TikTok ostacola il trasferimento in Canada con indagini sui dati

- I commissari canadesi per la privacy hanno scoperto che TikTok non è riuscita a proteggere i dati dei bambini, il che ha spinto a introdurre nuove misure di tutela e trasparenza.
- Un'indagine rivela preoccupazioni diffuse sull'uso e la profilazione dei minori in Quebec, mentre TikTok promette controlli più severi sull'età e aggiornamenti sulla privacy.
- La Casa Bianca delinea un accordo di dismissione approvato dagli Stati Uniti, con Oracle e gli investitori statunitensi pronti a supervisionare le operazioni e il controllo degli algoritmi.

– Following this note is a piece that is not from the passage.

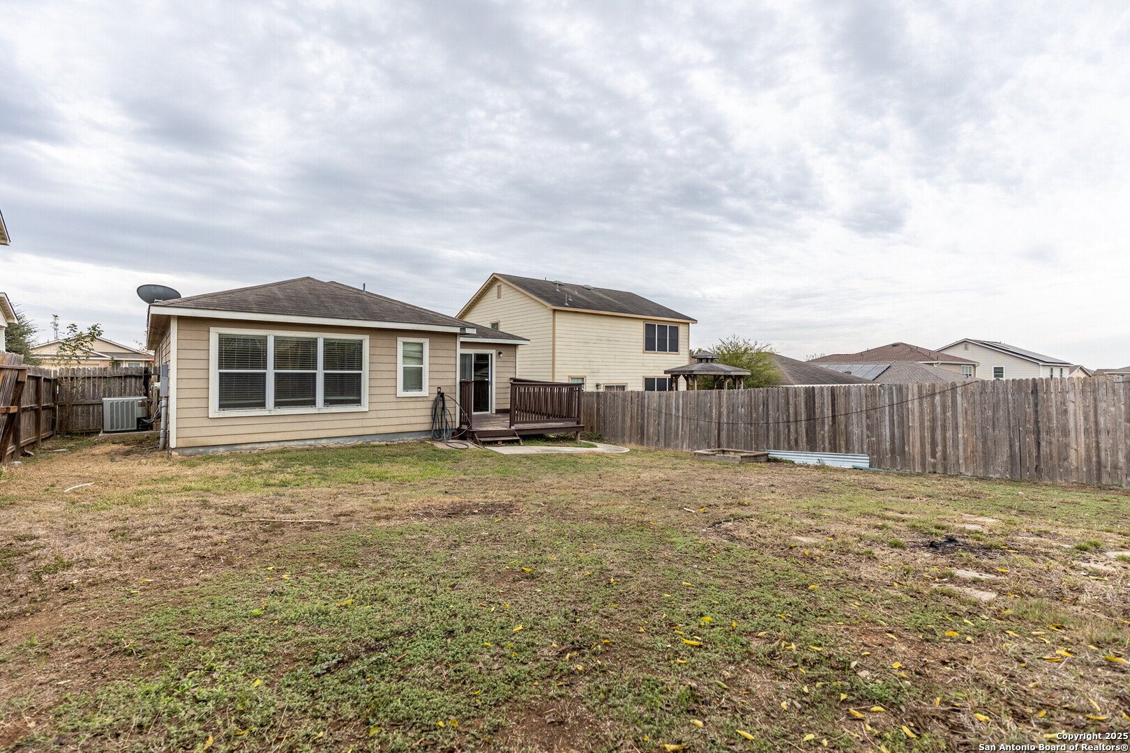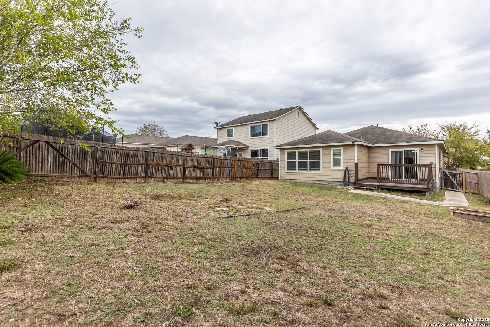 Available Immediately! Additional showing options available! Great 3-bedroom, 2-bathroom, one-story home with an open floor plan, featuring wide open spaces, plenty of natural light, and nicely sized bedrooms. Vaulted ceilings and a built-in desk. Upgraded countertops, bay window in kitchen, laminate floors, 42" garden tub in Master. Gorgeous large backyard with deck and lots of outdoor living space. 10 minutes to SAMMC/Ft. Sam. Short commute to Randolph AFB. Shopping nearby. Don t miss this one and Schedule your showing today!

In un'indagine congiunta condotta dal Commissario federale per la privacy Philippe Dufresne, le autorità di regolamentazione canadesi hanno scoperto che gli sforzi di TikTok per tenere i bambini lontani dalla sua piattaforma e salvaguardare i loro dati personali sono inadeguati.
I commissari del Quebec, della Columbia Britannica e dell'Alberta hanno concluso che i bambini possono ancora accedere all'app di contenuti video brevi. Allo stesso tempo, TikTok raccoglie i loro dati per scopi pubblicitari mirati.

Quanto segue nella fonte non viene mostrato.